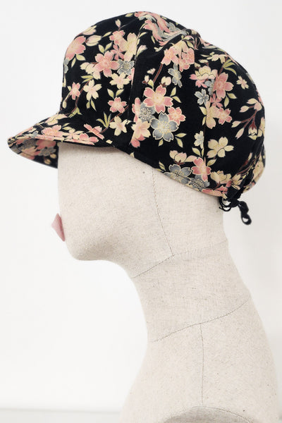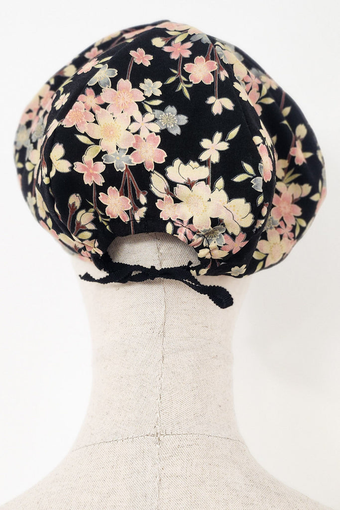 Soft gavroche-style cap made of Japanese fabric lined with plain black cotton inside.
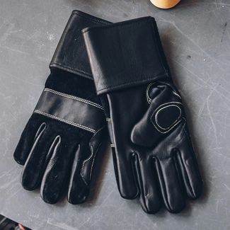 Полностью кожаная velcro-манжета для защиты от искр, порезов и механических повреждений;
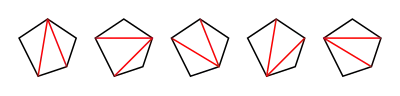 - is het aantal manieren waarop een convexe veelhoek met zijden in driehoeken langs de diagonalen kan worden verdeeld. De figuur toont het geval :
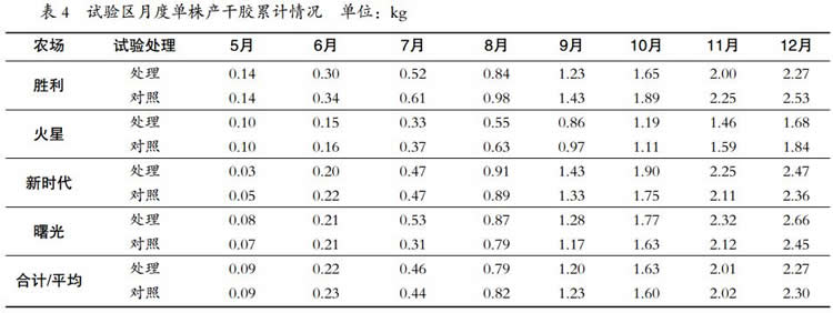 5—12 月處理區(qū)與對照的單株干膠產量累計都相差不大;6 月、7 月單株干膠產量累計分別比上月增加幅度均較小,8 月、9 月、10 月和11 月單株干膠產量累計分別比上月增加幅度均較大,12 月單株干膠產量累計比上月增加幅度較小(表 4)。

### Exercise description
Word for word, restate the lines from the first line of the material through the line containing "Полностью кожаная velcro-манжета", with the pictures left out.

### Output for this task
 Soft gavroche-style cap made of Japanese fabric lined with plain black cotton inside.
 Полностью кожаная velcro-манжета для защиты от искр, порезов и механических повреждений;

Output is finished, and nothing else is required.